AOC’s Latest Move is Disgusting

A Sunday morning worship service at one of America’s most storied churches became the backdrop for a political speech by Rep. Alexandria Ocasio-Cortez (D-NY) on Mother’s Day, May 10, 2026 — and the congresswoman walked away having made at least one verifiably false claim from the pulpit.

Ebenezer Baptist Church in Atlanta, Georgia, carries a legacy that few institutions in America can match. Dr. Martin Luther King Jr. served as the church’s co-pastor from 1960 until his assassination in 1968. 

Today, its Senior Pastor is Sen. Raphael Warnock (D-GA), who holds the rare distinction of leading both a historic congregation and a seat in the United States Senate.

Ocasio-Cortez arrived at the church that Sunday not as an invited guest, but as a member of the congregation. 

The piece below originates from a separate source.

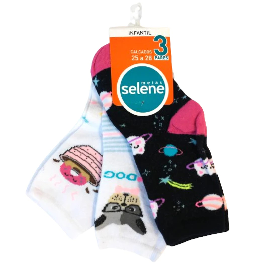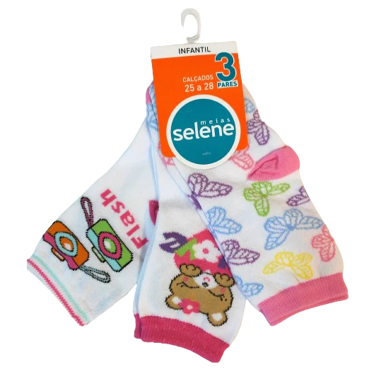 Kit 3 Par Meia Soquete Tamanho 25 a 28 Infantil Menina Selene

She told those gathered that she had simply come “to be in beloved community,” and that Warnock had reached out to her that very morning asking if she would like to address the church.

Warnock introduced her by noting her Bronx roots, her degree from Boston University, and her early career as an intern for the late Sen. Ted Kennedy. What followed was a nearly five-minute address that quickly left Sunday worship behind.

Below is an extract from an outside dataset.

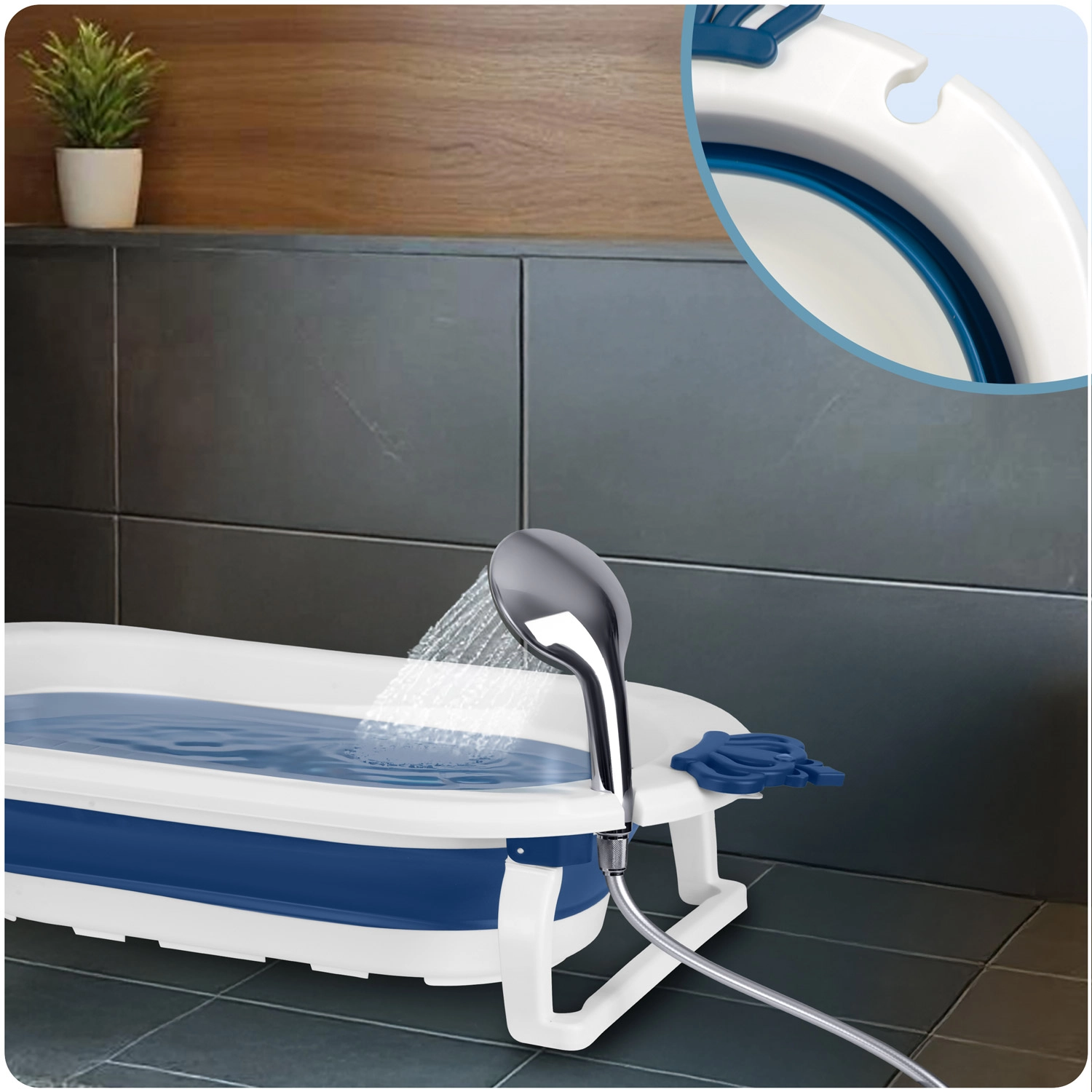 Kompaktowe wymiary po złożeniu oszczędzają miejsce w łazience i podczas podróży. Zintegrowany uchwyt na słuchawkę prysznicową ułatwia nalewanie wody bez rozpryskiwania.

“I don’t take lightly the peril that we are facing just one week after the Voting Rights Act was gutted,” Ocasio-Cortez declared to the congregation, immediately setting the political tone for her remarks.

She was referencing the Supreme Court’s April 29, 2026 ruling in Louisiana v. Callais. By a 6-3 margin divided along ideological lines, the court struck down Louisiana’s redrawn congressional map, which had created a second majority-Black district, ruling it constituted an illegal racial gerrymander.

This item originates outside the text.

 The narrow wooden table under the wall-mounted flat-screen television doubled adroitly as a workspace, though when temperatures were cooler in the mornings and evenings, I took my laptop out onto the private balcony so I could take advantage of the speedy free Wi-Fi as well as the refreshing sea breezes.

Justice Samuel Alito, writing for the majority, held that while compliance with Section 2 of the Voting Rights Act could in principle serve as a compelling interest in redistricting, it did not justify Louisiana’s approach in this case. 

The ruling stopped short of invalidating Section 2 altogether, though Justice Elena Kagan’s dissent warned the decision effectively hollowed out one of the nation’s most consequential civil rights statutes.

In the ruling’s immediate aftermath, Republican-governed states including Alabama, Louisiana, and Tennessee moved rapidly into legislative special sessions to eliminate majority-Black districts that had previously carried federal protection under Section 2.

From the Ebenezer pulpit, Ocasio-Cortez pressed further: 

“And in the days since, we have learned why the Voting Rights Act existed, as the maps in Tennessee and Louisiana, across this country, as the Supreme Court, to the reverend’s point in Virginia, overturned the maps, 10 to one, to literally draw Black Americans out of power.”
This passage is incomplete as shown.